House Republicans Say Facebook Lied to Congress About Negative Impacts of Social Media on Teenagers

House Republicans are asserting that Facebook has lied to them for years about the negative impacts of social media on teenagers.

A shocking new report from the Wall Street Journal revealed that Facebook knew all along that Instagram was causing eating disorders and depression in young girls from their own internal studies — but denied it when asked about it by Congress.

In March, Republicans on the House Energy and Commerce Committee requested Facebook’s internal research on how social media affect children, but the company avoided the issue and claimed that experts disagree on “how much screen time is ‘too much.'”

Facebook CEO Mark Zuckerberg also said that “the research that we’ve seen is that using social apps to connect with other people can have positive mental-health benefits.”

After the internal documents obtained by WSJ proved they knew more than they let on, House Republicans are demanding answers.

“Facebook refused to comply with our request and we now know why,” committee ranking member Cathy McMorris Rodgers (R., Wash.) told the Washington Free Beacon. “This also leaves us wondering what else they are hiding. We will continue to demand transparency from Facebook and other Big Tech companies, especially as it relates to the harm their products have on our children.”

The Free Beacon reports that a spokesman for Colorado representative Ken Buck, had a similar response. Big Tech companies have “almost unchecked power” and answer “only to themselves,” the spokesman told the outlet. He also called on Congress to pass antitrust bills to “bring these dark and duplicitous monopolists to heel.”

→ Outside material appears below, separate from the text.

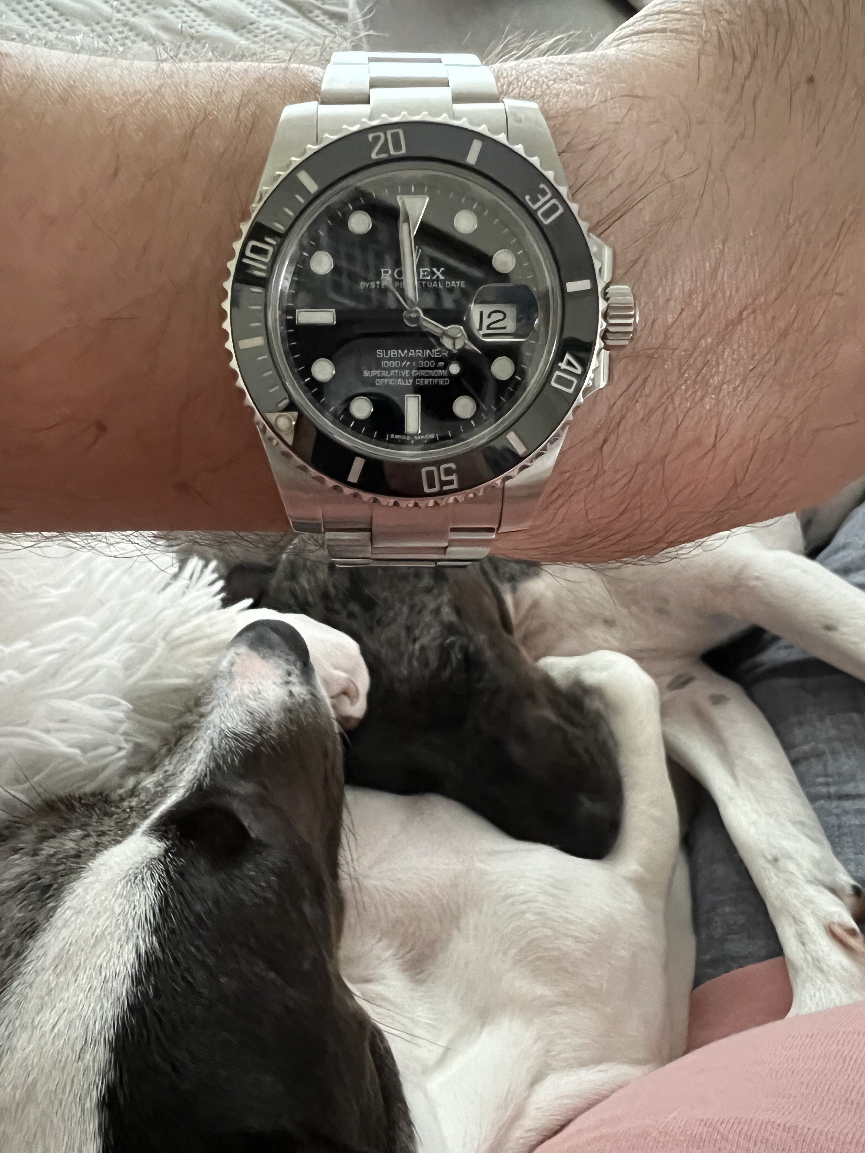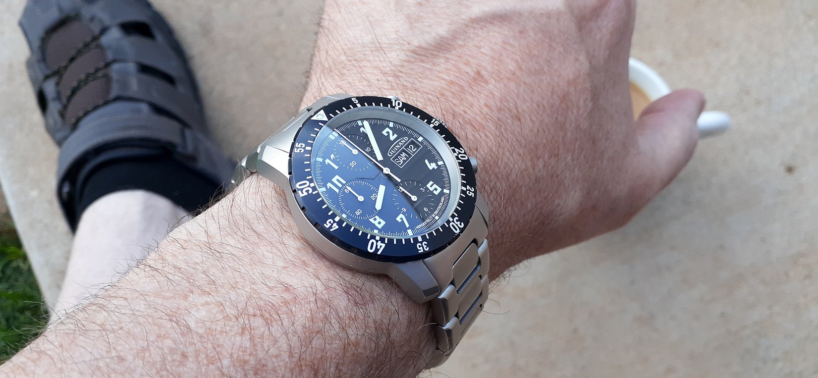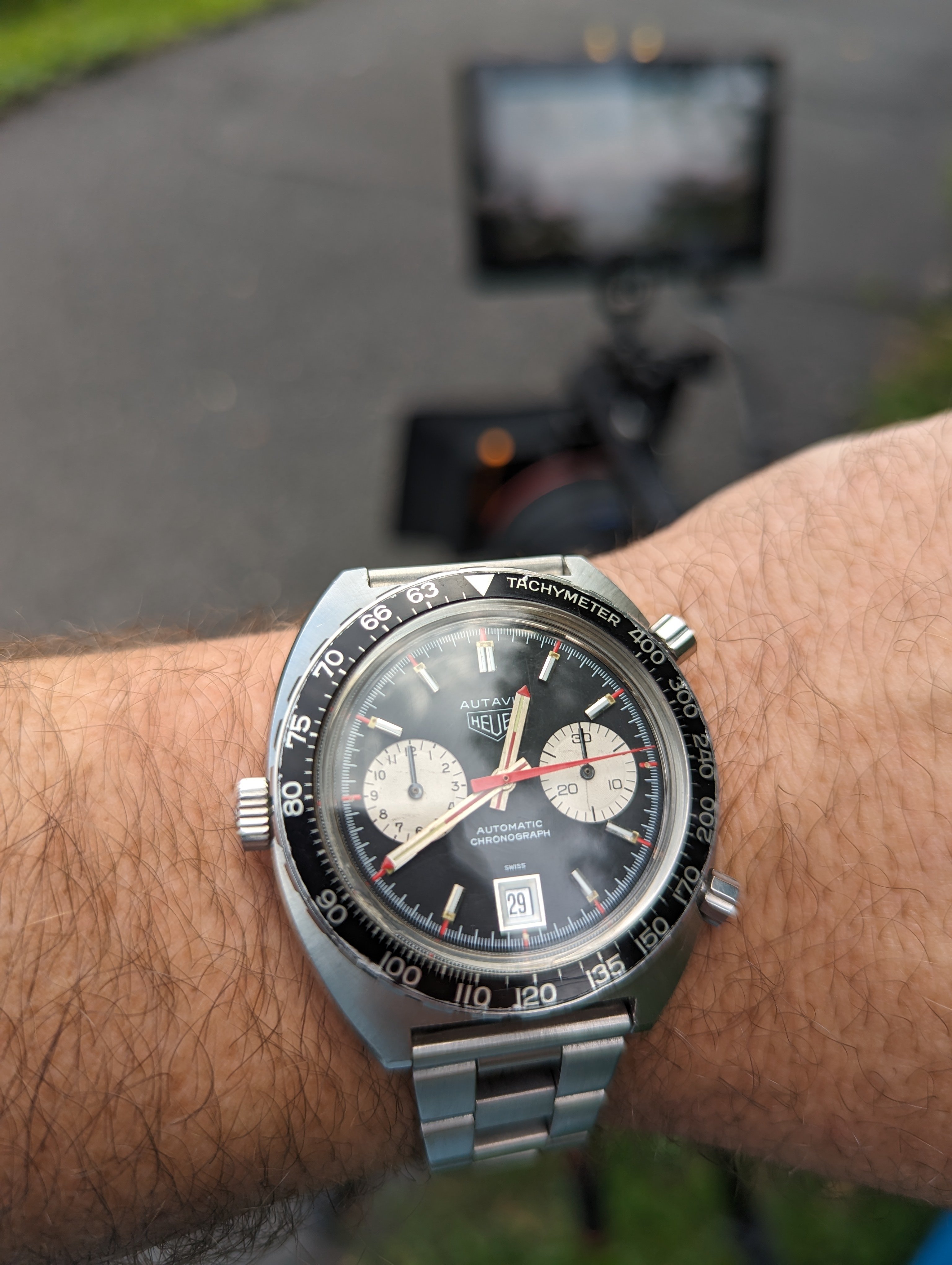 Home! Didn’t take too long for me to check out the watch box, and settle on a brutish chronograph for unpacking duties. I figure the car is more likely to get dinged then the watch if I’m less than subtle unpacking…have a great afternoon/evening OF!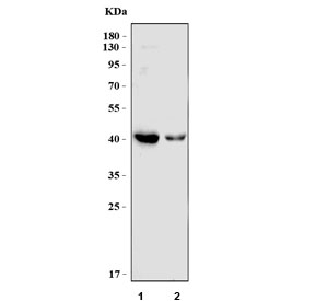 An amino acid sequence from the C-terminus of human BCAT1 (KLASRILSKLTDIQYGR) was used as the immunogen for this BCAT1 antibody.

Democrat Senator Richard Blumenthal also expressed his frustration with the social network.

“Facebook has known for yrs of Instagram’s damaging effect on young people—but its own employees’ warnings were shoved aside in favor of growth-at-all-costs. I’m appalled & alarmed by Facebook’s targeting of teens w/dangerous products while hiding the science of its toxic impact,” Blumenthal tweeted with the WSJ report.

The WSJ also obtained documents that proved the company also lied to their Oversight Board, claiming that their system designed to protect high-profile users from censorship was only used in a “small number of decisions,” when in reality, they exempt at least 5.8 million people from content moderation guidelines.

“We are not actually doing what we say we do publicly,” the company said in a 2019 internal review.